Папа вздохнул. Он больше не прожигал мне спину взглядом, но мне казалось, он чего-то от меня ждёт. И до меня вдруг дошло, что дело могло быть вовсе не в том, что Марта выходит замуж. А в том, за кого. Что выбери Марта любого из миллионов мужчин на планете, он не воспринял бы это и на десятую долю так же болезненно, потому что этот гипотетический мужчина не был бы связан с именем моей матери.
Я выключила воду и снова повернулась к нему. Спросить или не спросить? Добить его сейчас было бы жестоко, но меня мутило от мысли, что придётся провести здесь сегодняшнюю ночь.
- Папа, - всё же решилась я, - ты не против, если сегодня я переночую у мамы?
Платье липло к потной спине. Я ведь даже душ не приняла с дороги. Тело будто опомнилось после долгой дороги, и обрушило на меня полагающиеся ему ощущения усталости и дискомфорта.
- Нет, конечно, - ответил тот, - иди. Уборку сам закончу.
****
Мег и Чарли любили усаживать меня за фильмы ужасов, когда мы были младше. Им почему-то нравилось щекотать себе нервы. У меня после еженедельных визитов в СНЦ такой необходимости не было, но им, очевидно, было не так весело смотреть без моих истошных воплей, поэтому моё мнение в выборе фильма никогда не учитывалось. Очень скоро я, впрочем, научилась спокойно смотреть и на оторванные конечности, и на живых мертвецов, и тогда им пришлось прибегнуть к тяжёлой артиллерии. Ею стала кассета с фильмом «Пряничный домик», которую радостная Мег как-то раз притащила с проката. Мы посмотрели её тогда всего раз, но одна сцена оттуда на долгие годы стала предметом моих ночных кошмаров. Ну, когда сестрёнка утром просыпается и идёт к приютившей её старушке, чтобы узнать, где её братик. А старушка, значит, поворачивается к ней, услышав вопрос, и на лице её застывает такая приклеенная, восковая улыбка. И вот даже нет там пока кровавых ужасов. Они будут позже, когда старушка отведёт сестрёнку в подвал, и покажет, что от её братика осталось. Но именно эта кукольная улыбка тогда напугала меня до смерти.

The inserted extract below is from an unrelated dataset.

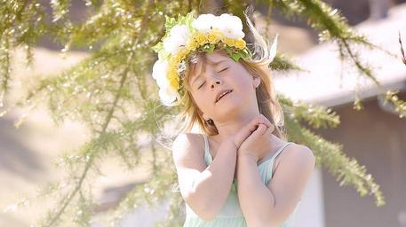 Keywords: human child girl face in thoughts dreamy spring headdress out nature portrait
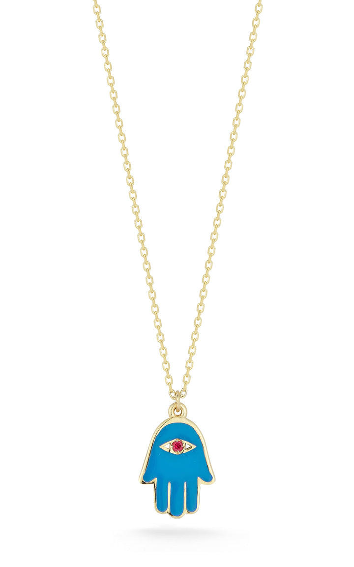 This 14K Gold & Ruby Hamsa Necklace by Ember Fine Jewelry is a beautifully crafted talisman of unity and protection. Featuring a hand-painted turquoise enamel Hamsa and a striking ruby accent, this piece blends cultural symbolism with elegant craftsmanship.

Сейчас, дожидаясь у входа, пока мама откроет мне дверь, я невольно испытала дежа вю. Я как в замедленной съёмке смотрела сквозь стеклянную дверь, как она поворачивается ко мне, как тянет ручку на себя, как уголки её губ ползут вверх. Я едва подавила в себе желание отпрянуть, когда её лицо оказалось напротив моего.
- Сандра, - сказала она, - уже приехала? Почему не предупредила?
- Не успела, - ответила я и обняла её.
Ощутив прикосновение её тёплой кожи к моей, мне стало немного легче. Да нет, это всё ещё моя мама. Такая же, как была. Мне хотелось остановить её на секунду, постоять с ней так немного, чтобы восстановить в голове черты её лица, но она не позволила. Только дверью хлопнула за моей спиной и бросилась к плите, едва на меня взглянув.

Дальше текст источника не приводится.